John Hersey, the son of US missionary parents, was born in China on 17th June, 1914. After graduating from Yale University he became correspondent in the Far East for Time Magazine.
During the Second World War Hersey also wrote for Life magazine and the New Yorker. He accompanied the US Army in the invasion of Sicily and Italy. Hersey used some of the information he gathered as a war journalist for his best-selling novel A Bell for Adano (1944). The book won the Pulitzer Prize in 1945.
In 1944 Hersey covered the war in the Pacific and his many articles included one detailing the heroism of Lieutenant John F Kennedy when his Motor Torpedo Boat was sunk close to the Soloman Islands.
Hersey was one of the first western journalists to arrive in Hiroshima after the atom bomb explosion on 6th August 1945. Commission by the New Yorker to write a series of articles on the effects of a nuclear explosion, he decided to focus on the experiences of six people who had been in the city: two doctors, a Protestant minister, a widowed seamstress, a young female factory worker and a German Catholic priest.

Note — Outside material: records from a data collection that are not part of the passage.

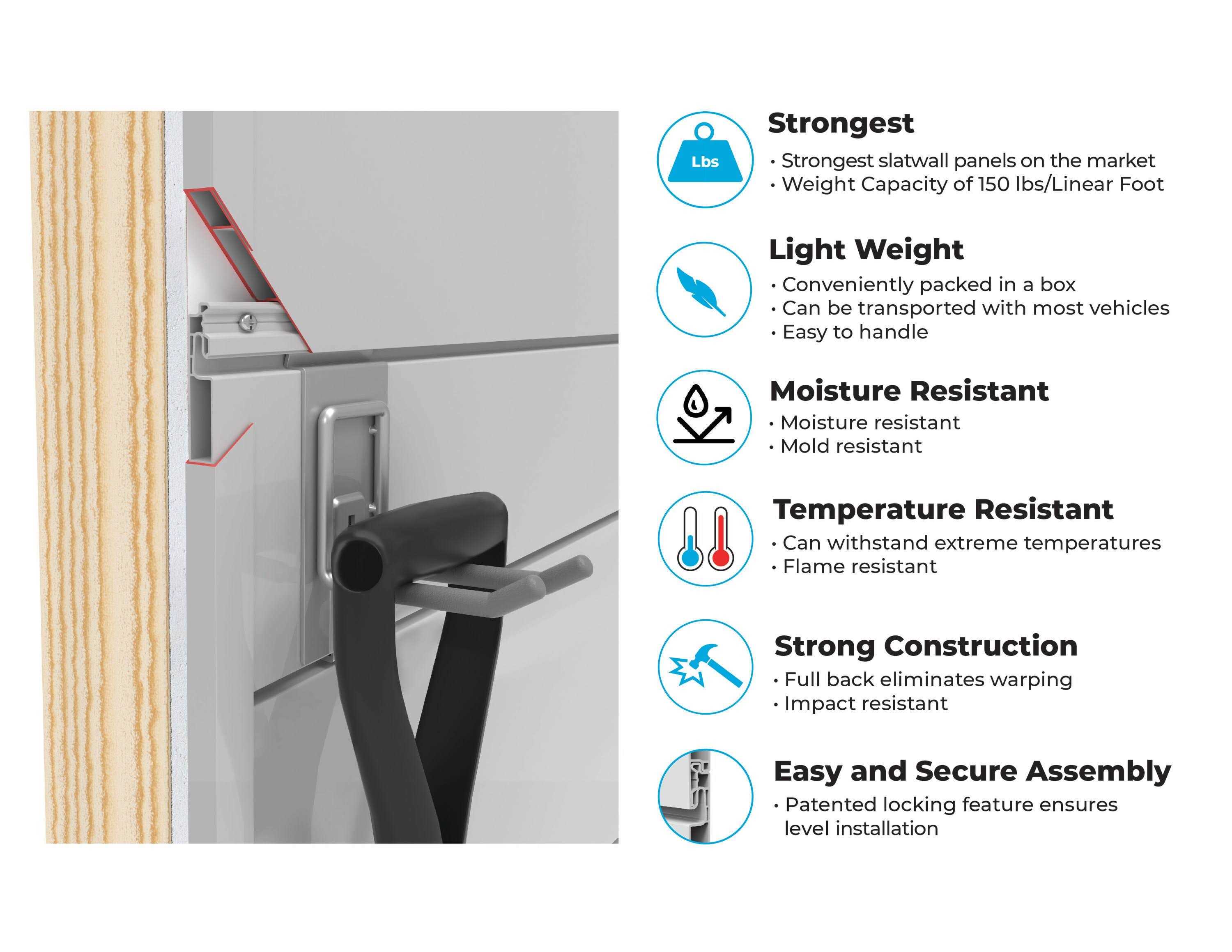 CrownWall PVC Slat Wall Panels Garage Wall and Home Organizer Storage System
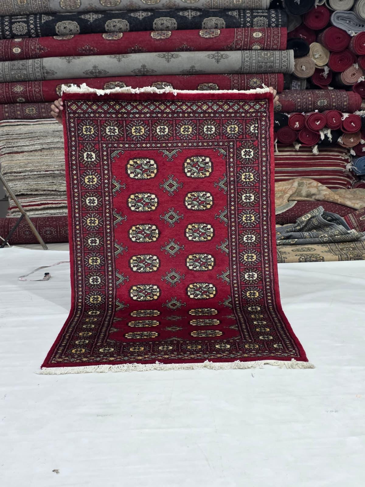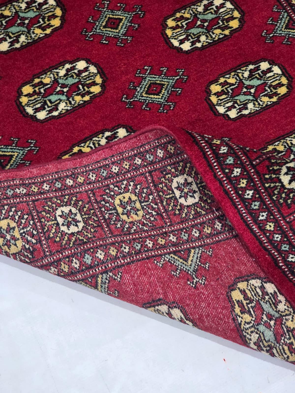 3.0 X 5.2 ft large Mori Bokhara rug, handmade veg dyes Cotton and Wool Rug, Pakhtaun Tribal rug in Red - Rugs for Living Room
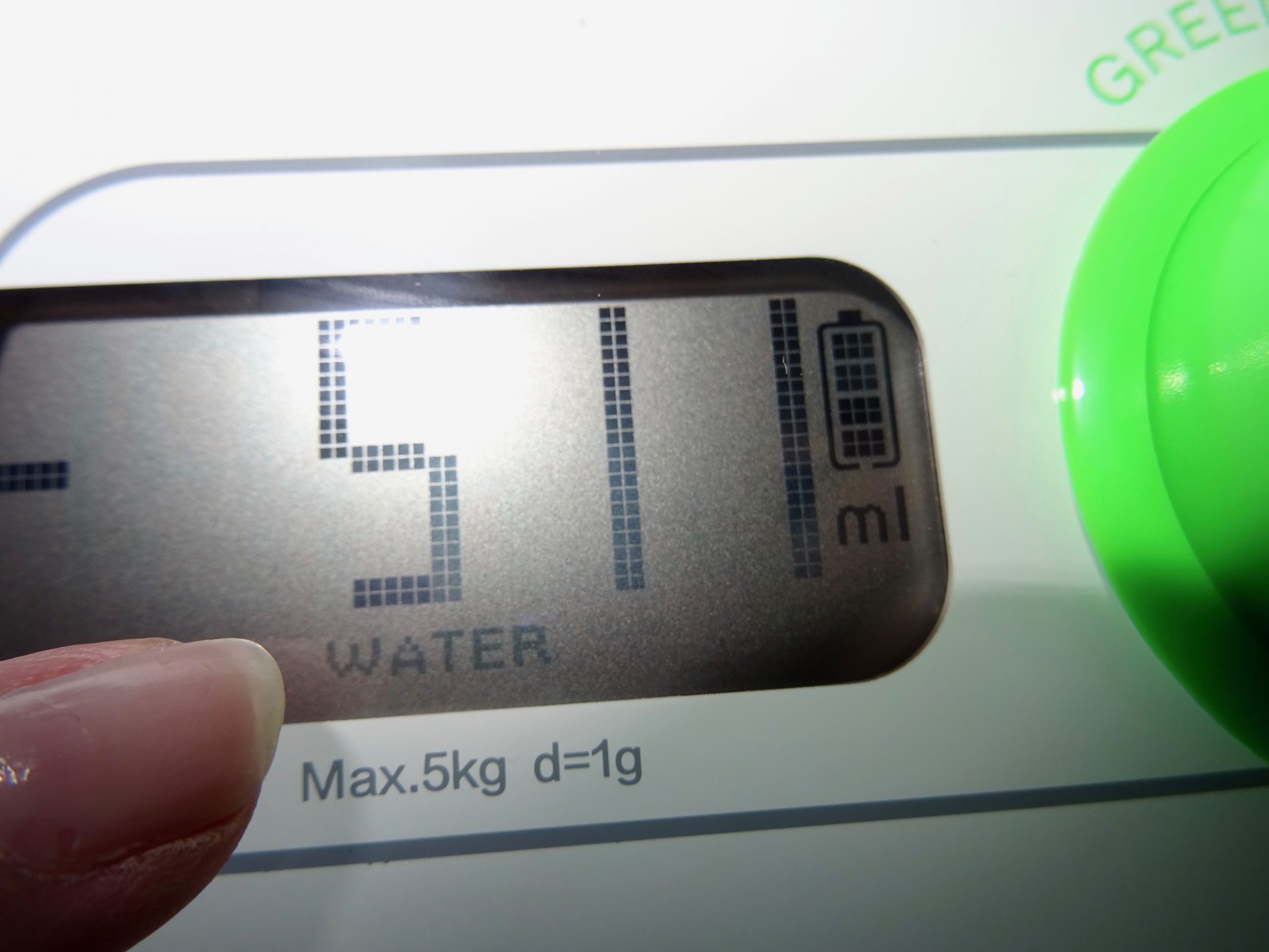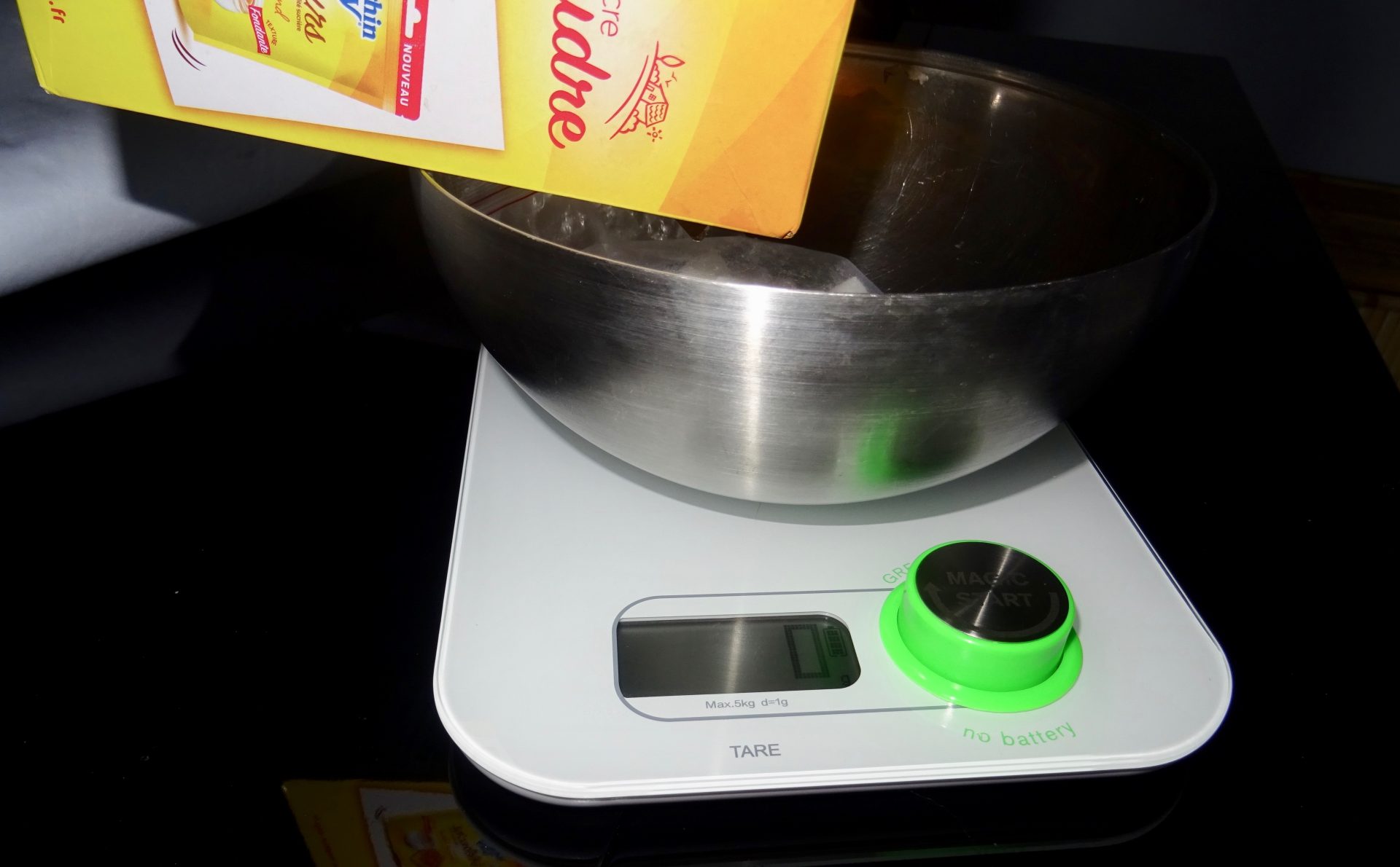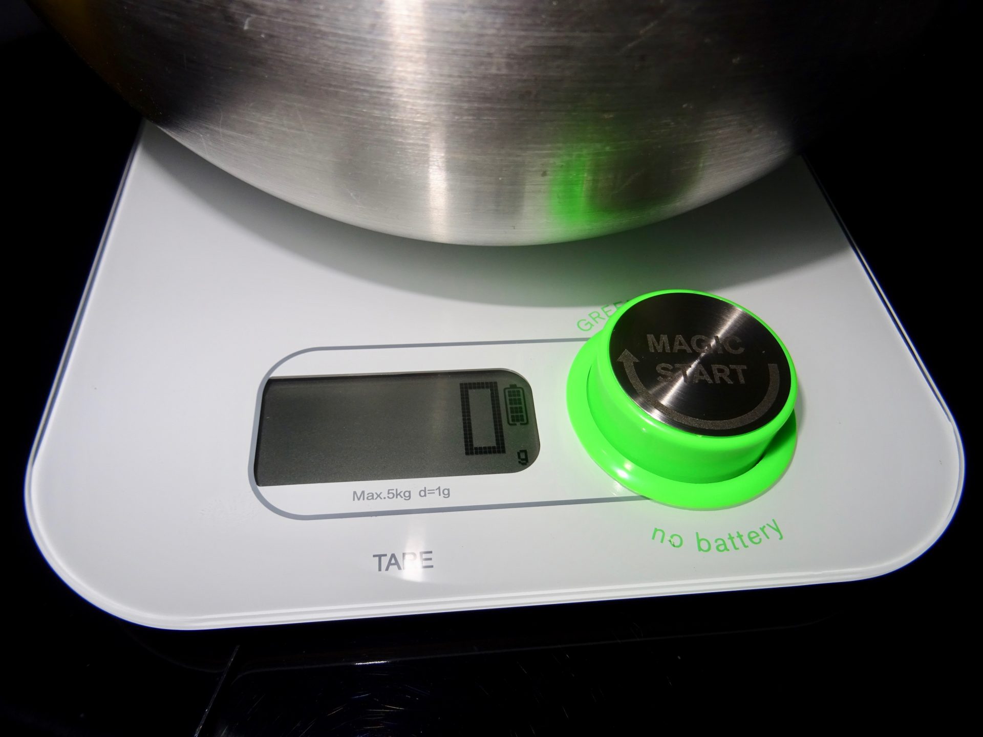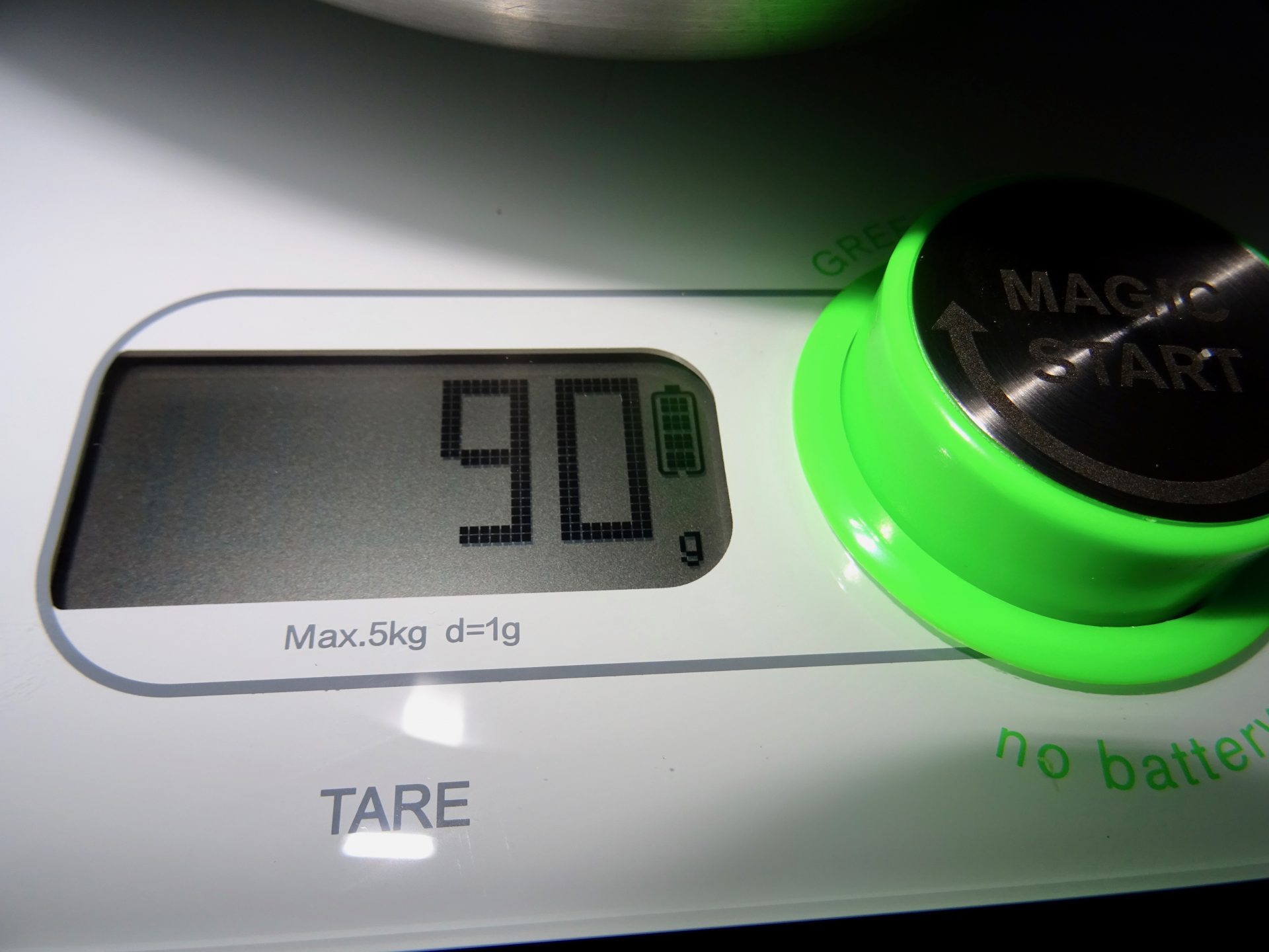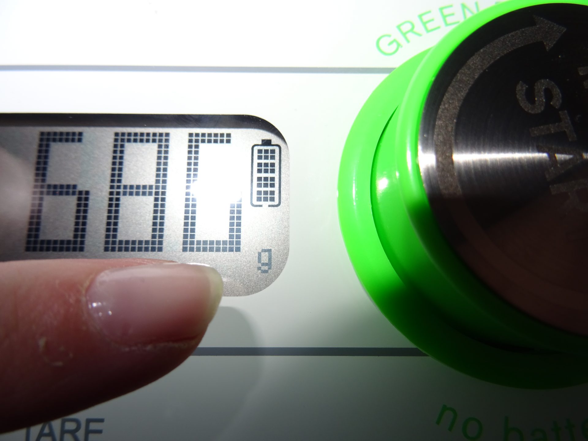 Et voilà un tour de bouton pour recharger la batterie et je peux mesurer mes pistaches !
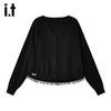 Izzue Damen V-Ausschnitt Strickpullover mit Fransen
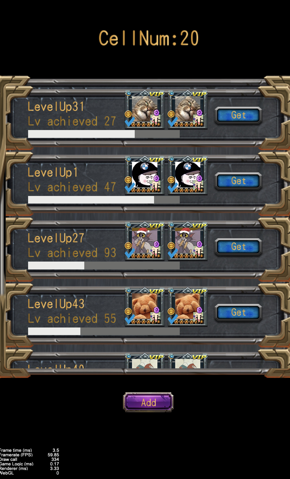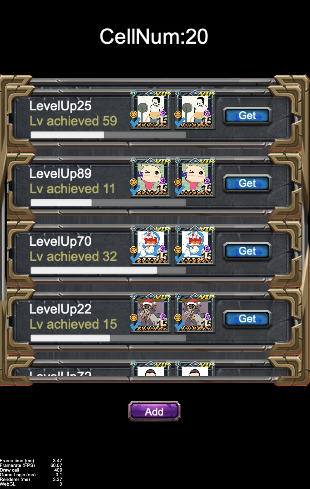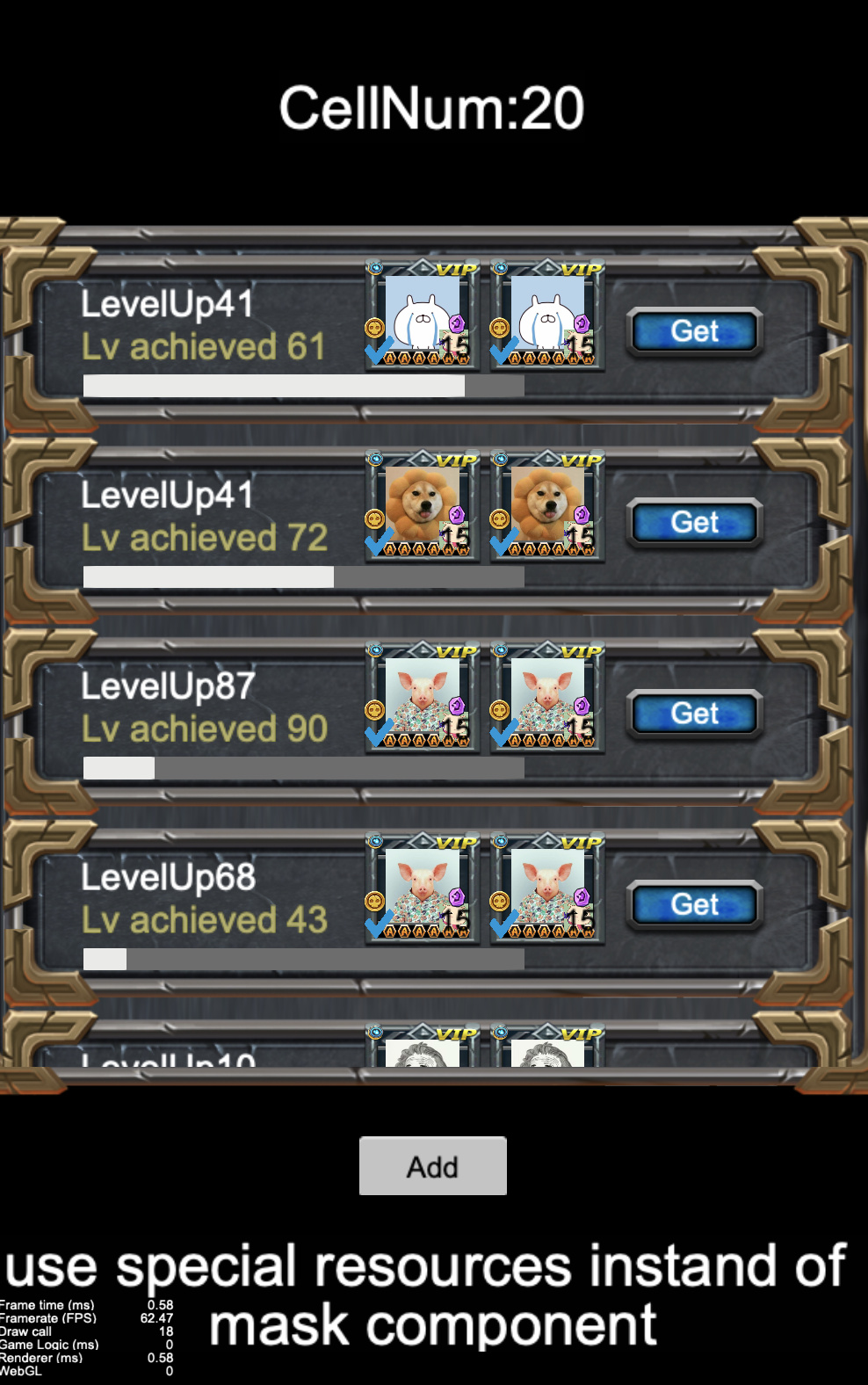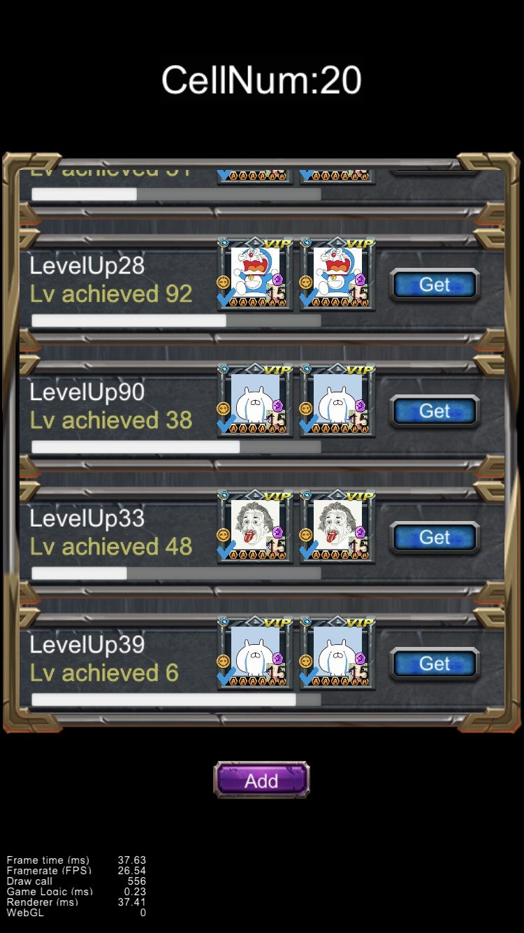 The ScrollView component in this scene has 20 cells,the total DrawCall has reached 790. A single cell has about 50 child-nodes, and in total about 1000 Node objects in this interface. Can you see why performance is an issue?
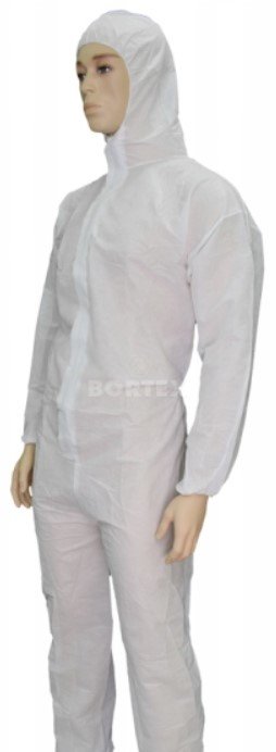Jednorázový oblek s kapucňou, vyrobený zo špeciálneho materiálu - 100% polypropylén.
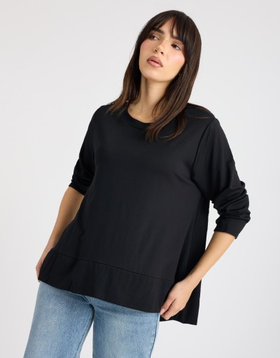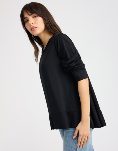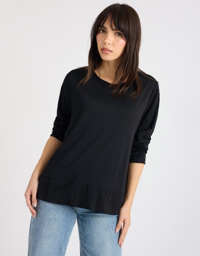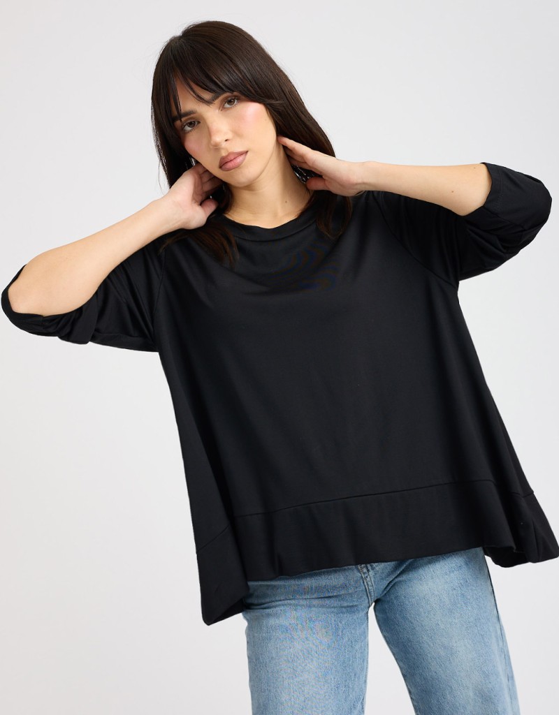Maglietta in fresco e leggero tessuto misto viscosa dal taglio over, con scollatura a giro e delicata balza sul fondo che crea movimento e femminilità. Ideale per outfit primaverili ed estivi, unisce comfort e leggerezza senza rinunciare allo stile.

When the editor saw the articles he decided to devote one issue (31st August, 1946) to the material. Later that year it was published as the book Hiroshima (1946).
Other books by Hersey include the Child Buyer (1947), The War Lover (1959), Under the Eye of the Storm (1967), The Walnut Door (1977), Antonietta (1991) and Key West Tales (1993). John Hersey died in Key West, Florida, on 24th March, 1993.